So sieht das bei mir aus:

 *Quote:*   

> 
> 
> Section "InputDevice"
> 
> 	Identifier  "Keyboard0"
> ...

 

Ich hab ma die Option "CoreKeyboard" auskommentiert, aber das hatte auch keinen Effekt. Und an nodeadkeys wird es ja wohl nich liegen, zumal ich gelegentlich auch ein é oder õ tippe.

----------

## jkoerner

Moin,

was hast du in /etc/conf.d/keymaps geändert bzw eingetragen? Sektion EXTENDED_KEYMAPS wäre von besonderem Interesse.

----------

## mf2

 *Quote:*   

>  ~ $ cat /etc/conf.d/keymaps
> 
> KEYMAP="de"
> 
> SET_WINDOWKEYS="no"
> ...

 

Hmmmm könnte es an SET_WINDOWKEYS liegen?

----------

## jkoerner

Trag mal versuchshalber KEYMAP="de-latin1" ein und starte X neu.

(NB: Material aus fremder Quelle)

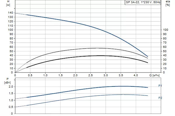 Графические характеристики Grundfos SP 3A-22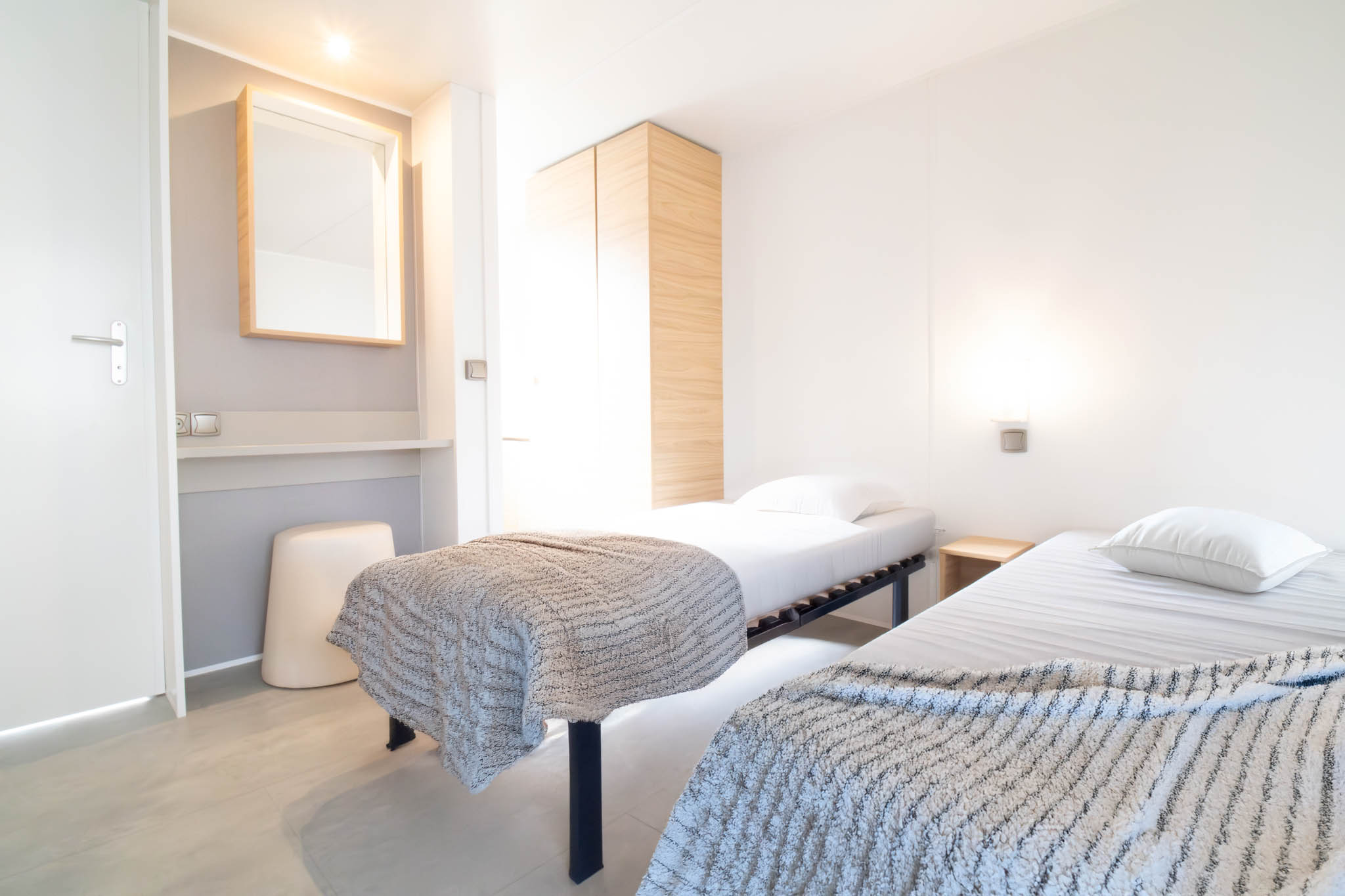 Le mobile home Opale est spacieux et moderne est idéal pour des vacances tout confort en famille ou entre amis à Saint-Georges-de-Didonne. Il dispose de deux chambres : une avec un lit double 160×200 cm et une avec deux lits simples, parfaites pour accueillir 4 personnes.

Falls du nodeadkeys verwenden möchtest trägst du hier KEYMAP="de-latin1-nodeadkeys" ein.

Ist ein Auswechseln der Tastatur oder der Test eines anderen Betriebssystems möglich? Nur um einen Defekt der Tastatur auszuschließen...

An der SET_WINDOWKEYS liegt es nicht.

----------

## mf2

Hallo,

KEYMAP="de-latin1" hat das Problem behoben.

Vielen Dank!  :Smile: 

----------